The data he used is not the GHCN Unadjusted data directly, but the data set used is the result of the processing of GIStemp. (The link in the paper at Icecap connects to the GISS web site, not to NOAA / NCDC. The option to download the STEP0 data is labled “Raw GHCN + USHCN corrections” at GISS). If that was, in fact, the data set used; then the graph will reflect the merger process in GIStemp STEP0.

That process looks for the existence of both sets of data (GHCN “unadjusted” and USHCN – version one prior to November 15th 2009, and version 2 with added “adjustments” thereafter). If only one exists, that one is used.
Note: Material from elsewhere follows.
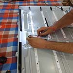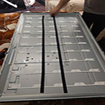 بعد از پروگرام مجدد و نصب آیسی فلش روی مین برد ، ایراد برطرف گردید و دستگاه مجدد به منزل مشتری در کرج / مهر ویلا منتقل گردید.یکی از تماس هایی که از منطقه اسلامشهر تهران از بابت خرابی یک دستگاه تلویزیون LED برند TCL به مدل 43D2900 در یافت کردیم ، و مشتری توضیح دادند تلویزیون روشن می شود و نور تصویر کم و زیاد می شود و احساس می شود لامپ های پشت در حال سوختن است . از مشتری خواستیم باهماهنگی لازم با راننده شرکت نسبت به انتقال دستگاه به دفتر نمایندگی اقدام کند . بعد از انتقال و یک تست سریع مشخص شد ایراد از سیستم بک لایت است و بعد از گرفتن تایید هزینه ها از مشتری از بابت تعویض دست کامل بکلایت ، نسبت به تعویض تمامی شاخه های بکلایت اقدام کردیم . در تی سی ال مدل 43D2900 از سه شاخه که روی هر کدام 8 عدد LED منشوری قرار گرفته است ساخته شده است . تصاویر جدول زیر پروسه تعویض بکلایت 43D2900 را نشان می دهد . برای تعویض بکلایت این مدل پس از باز کردن قاب پشت و سپس تمامی برد های پاور POWER و برد مین MAIN BOARD و برد تیکان T-CON و باز کردن اتصالات و کابل ها و روکش های نگه دانرده باید لیکوئید TFT پنل را با احتیاط جدا نمایید و بعد دیفیوزر ها را با حفظ جهت و سمت کنار گذاشته تا بتوانید به بک لایت 43D2900 دسترسی داشته باشید.

If both exist, then they are averaged, in an odd sort of way. To the extent the heading on this graph ought to have been “GHCN Unadjusted AND USHCN” there will be some USHCN derived adjustments making up part of that “unadjusted” line. To the extent that the “as combined” data were used, the chart does not change much (it is mostly an ‘in fill’ process). And to the extent that the “homogenized” data were used, then this chart shows what the “homogenization” process does to the data. (And potentially, for all cases, what “adjustements” are in the USHCN version 2 set.)

In either case, that 3 F increase in the warming trend is present at some point in the GIStemp process of STEP0 to STEP2 (step zero is the very first ‘glue data sets together’ part of GIStemp. GIStemp is the program from NASA / GISS that creates those “anomaly maps” showing we have warmed by some fractions of a degree and so, ought to panic). One way or another, that 3 F warming trend “bump” is in the making of that product…

Just look at that. Up to 3 whole degrees of F (over 3 in a couple of places) of added “warming trend” via the NOAA / NCDC “corrected” adjustments and GIStemp processing. Heck, even the language you must use to describe what is going on is painful to the ear. But what else to call it? The lables NCDC applies are “unadjusted” and “corrected” so that has to be used to know which data sets I’m talking about. The data are clearly changed, so it is adjusted. And we are left with lumpy terms in quotations like – “Unadjusted + corrected” data and “raw + corrected” that isn’t raw and is adjusted; and “homogenized” that is both truncated and UHI corrected as well.

You can take nothing for granted when reading the NAME of a data set used in climate “research”.

In the first version of this posting, I had written:

It looks to me like we will need to go all the way back to “first sources” to have any hope of finding out what is really going on in the temperature history of the planet. GHCN “Unadjusted” clearly is too adjusted to be suitable to the task.

Given the new comparision of NOAA / NCDC GHCN “unadjusted” without the GISTemp processing to the actual raw data from NY, I now say instead:

It looks to me like we will need to go ahead of GIStemp and use GHCN “unadjusted” to find out what is going on in the temperature history of the planet. We don’t need to go all the way back to “first sources” to have any hope of finding out what is really going on in the temperature history of the planet, but ought to do so for some QA checks along the way. USHCN Version 2 is too “corrected” and GIStemp “homogenized” is clearly is too adjusted to be suitable to the task.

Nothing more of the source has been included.